Rail, transit near affordable housing, and carbon emission programs would get a funding boost in a House transportation panel’s portion of Democrats’ $3.5 trillion tax and social policy bill.
The legislation would address many Democratic climate priorities, with $10 billion for high-speed rail and $4 billion to lower transportation greenhouse gas emissions, according to a summary the House Transportation and Infrastructure Committee released Friday. The panel will consider the proposal Tuesday.
The Transportation panel’s bill can increase the deficit by no more than $60 billion between fiscal 2022 and 2031 under the framework House Democrats are following.
The funding would be in addition to the money included in the Senate infrastructure bill (H.R. 3684). Some lawmakers agreed that provisions cut from the infrastructure bill wouldn’t be added to Democrats’ separate spending package, and it’s yet to be determined how this legislation will affect that agreement. Democrats have said they were working to create programs in this legislation that wouldn’t overlap with the infrastructure bill.

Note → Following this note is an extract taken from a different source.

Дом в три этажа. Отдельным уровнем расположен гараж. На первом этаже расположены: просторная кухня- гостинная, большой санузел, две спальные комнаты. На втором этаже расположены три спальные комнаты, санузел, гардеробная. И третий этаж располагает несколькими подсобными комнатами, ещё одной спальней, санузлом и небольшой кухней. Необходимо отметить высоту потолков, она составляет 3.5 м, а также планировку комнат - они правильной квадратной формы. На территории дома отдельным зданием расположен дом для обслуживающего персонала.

“I didn’t sign that agreement,” House Transportation and Infrastructure Chair Peter DeFazio (D-Ore.) said in August. “We are working with the White House to see if there are ways around it,” he said, adding that he was looking into creating new, different programs so “it’s not double-dipping.”
The bill includes $10 billion for grants for new transit routes and expanded services in low-income and disadvantaged areas. The proposal is similar to a bicameral bill introduced Friday to connect housing and transit, which the sponsors were pushing to include in reconciliation.
House and Senate Democrats had been pushing for the package to include at least $30 billion for transit, pitching it as a means to boost climate and provide more equitable transportation.
The bill includes nearly $4 billion in competitive grants to reconnect communities divided by infrastructure barriers. It also proposes $6 billion for local surface transportation projects appropriated to the transportation secretary. The bill doesn’t specify how those funds would be allocated.
Sectors across transportation would get additional funding under the reconciliation package, and the panel incorporated language that would allow for climate reduction projects to get a boost.
For aviation, the bill would provide $1 billion to support projects that develop low-emission technologies or sustainable fuels, as well as $6 million for the Federal Aviation Administration to adopt a system from the International Civil Aviation Organization to lower international carbon emissions. The proposal comes shortly after the White House announced Thursday its goal to reduce aviation emissions 20% by 2030.
Lawmakers and lobbyists were pushing for more high-speed rail funding in the reconciliation package after not securing more designated money in the infrastructure bill, arguing that it is a greener way to travel. In the panel’s bill, $10 billion would go to high-speed rail corridors and $150 million would support additional federal funding for railroad infrastructure development.
The bill also includes $2.5 billion for projects to help with the supply chain, reduce port congestion—a growing concern during the pandemic— and lower ports’ impact on the environment. Democratic Sens. Gary Peters (Mich.) and Maria Cantwell (Wash.) sent a letter this week to congressional leaders asking for at least $2.5 billion to address port congestion in the reconciliation bill.